Regional Grid Foundation: A $50 Trillion Vision Already in Motion
The Middle East isn’t starting power grid integration from scratch. The GCC Interconnection Authority has united the power grids of UAE, Bahrain, Saudi Arabia, Oman, Qatar, and Kuwait into a single, resilient network since 2009. The 400-kV GCC super grid represents a sophisticated engineering achievement, featuring high-voltage direct current (HVDC) systems that connect 50 Hz systems (UAE, Oman, Kuwait, Bahrain) to Saudi Arabia’s 60 Hz system through 1,200-MW HVDC installations with centralized control from GCCIA’s center in Ghunan, Saudi Arabia.
The most ambitious expansion is the Saudi Arabia-Egypt electricity interconnection, representing the first large-scale HVDC link between Middle East and North Africa. This 1,350-km route combines overhead lines and Red Sea subsea cables, with 3 GW total exchange capacity and $1.8 billion investment.
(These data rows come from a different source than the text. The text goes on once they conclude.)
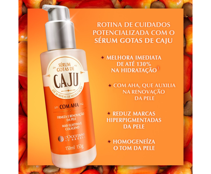 Este sérum corporal de textura leve e toque aveludado contém AHA e polipeptídeos vegetais, deixando a pele mais firme, renovada e iluminada¹ e oferece 2.3x mais hidratação², além de clarear áreas hiperpigmentadas do corpo. Se combinado com o Creme Hidratante Firmador Caju, promove um booster de hidratação e firmeza para pele¹. Contém extrato concentrado de Caju, conhecido por conter vitamina C, pela sua ação antioxidante e por preservar as fibras de colágeno e elastina. ¹Resultados visíveis em 28 dias; ²Teste instrumental;
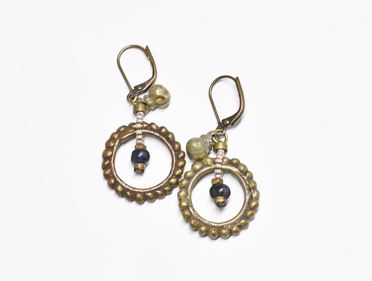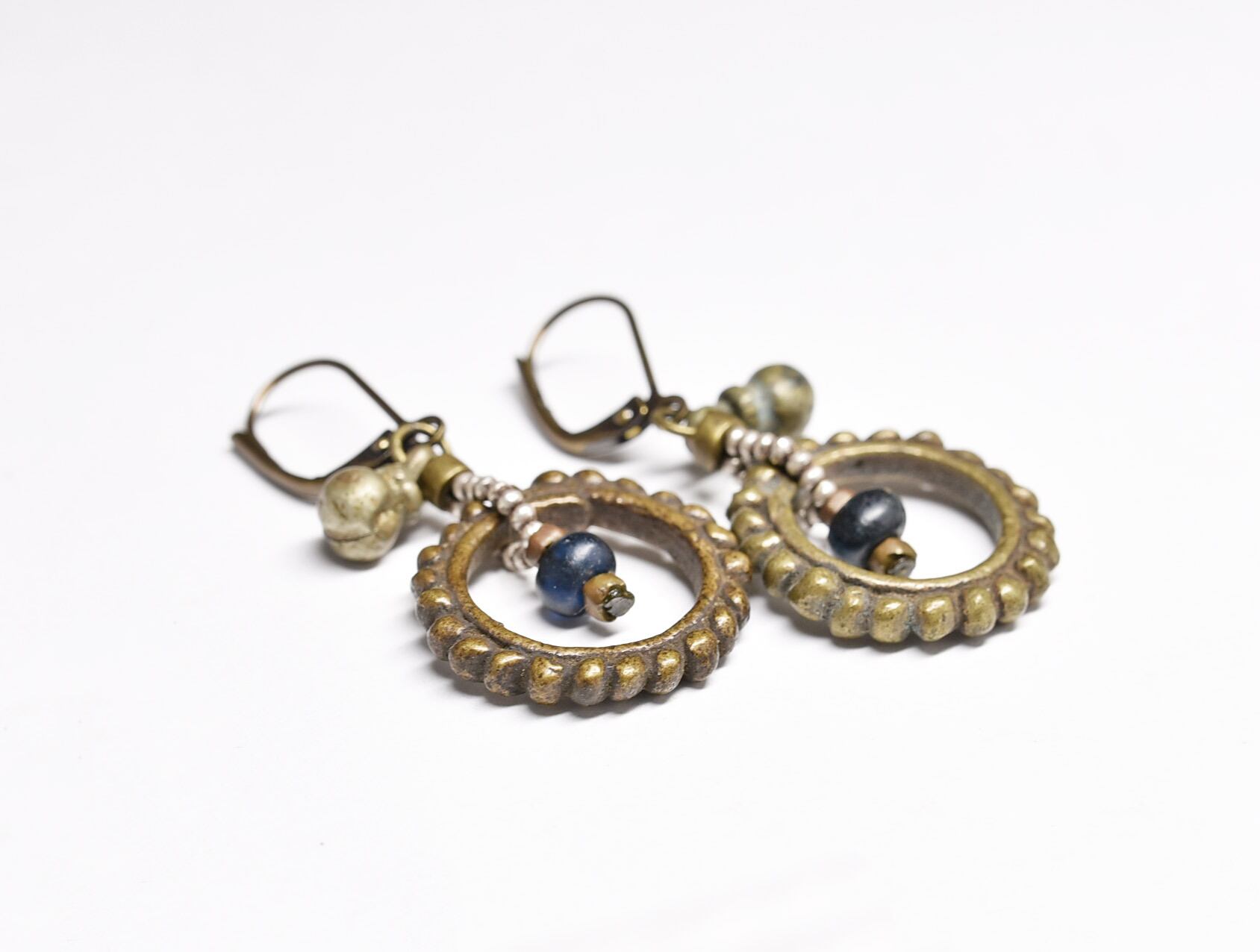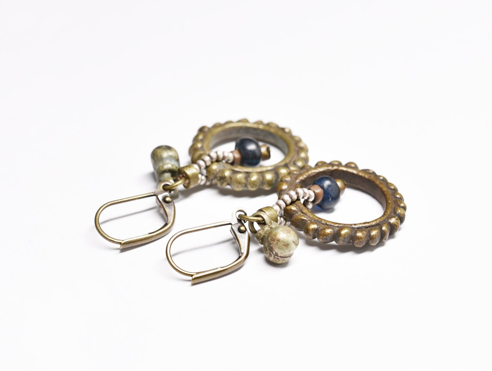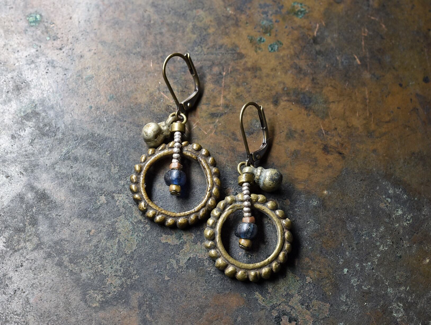 oldインドリングと一粒のダークブルーアンティークビーズ、oldオリッサブラス、小さなカレンシルバー、民族鈴を繋いだピアスです。
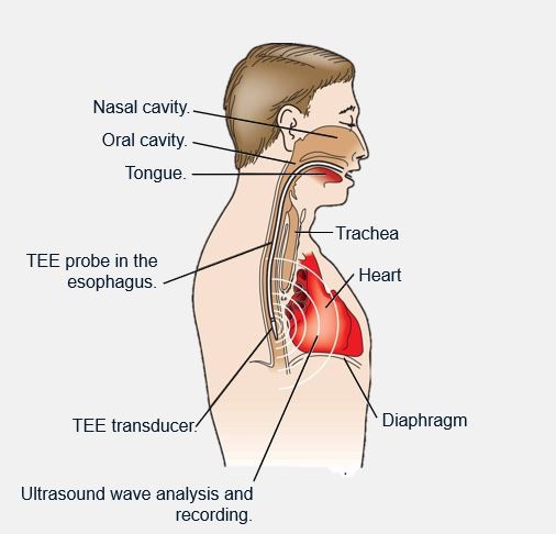 In contrast to transthoracic echocardiography (TTE), TEE examinations are not performed through the chest wall, but through the oesophagus using an endoscope-like examination tool. The esophagus runs directly behind the heart, so that the distance to cardiac structures is significantly less than by conventional echocardiography. The structures in front of the heart (e.g. ribs, fatty and connective tissue, etc.) are omitted in TTE, so that interference signals are minimized. This means that particularly high-resolution transducers can be used, which make even the smallest structures and changes visible. However, as these transducers only have a very low penetration depth, a transthoracic examination is not possible.
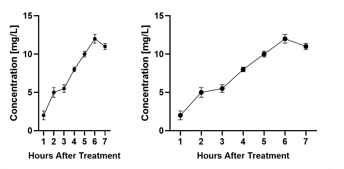 When it comes to curves, consider that the spacing of your x-axis has an important impact on the perceived slope of your graph. Again, there is no way around this. Also consider that the perception of your error bars will vary with the size of your graph. In both cases, mean values ± SD are displayed.
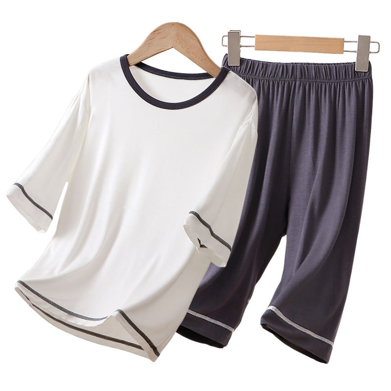 아동용 잠옷, 에어컨 의류, 여름용 얇은 남아 및 여아용 반팔 아이스 실크 모달 슈트, 대형 아동용 가정복
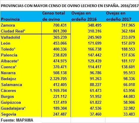 Como consecuencia de esas tendencias, Zamora ha perdido el liderazgo en el censo de ovino lechero que venía ostentando desde hace más de dos décadas a favor de Ciudad Real, que es la provincia en la que más ha crecido la cabaña de ovejas en ordeño. En el caso de Zamora, la cabaña de ovejas en ordeño ha bajado de 348.495 a 317.965, mientras que en el caso de Ciudad Real ha subido desde 310.316 hasta de 362.184.

Twenty-two-kilometer-long underwater cables are installed/ being installed in the Red Sea, with the first 1.5 GW currently in trial operations.
Regional grid ambitions extend to transcontinental connections: India is planning to link its power grid with Saudi Arabia and the UAE through undersea cables, while the EuroAfrica Interconnector will provide a 2 GW link from Egypt to Cyprus, Crete, and mainland Greece. Such ventures would ultimately tie the GCC, the eastern Mediterranean, and North Africa to Europe to the west and north, and south and central Asia to the east, in a transcontinental grid.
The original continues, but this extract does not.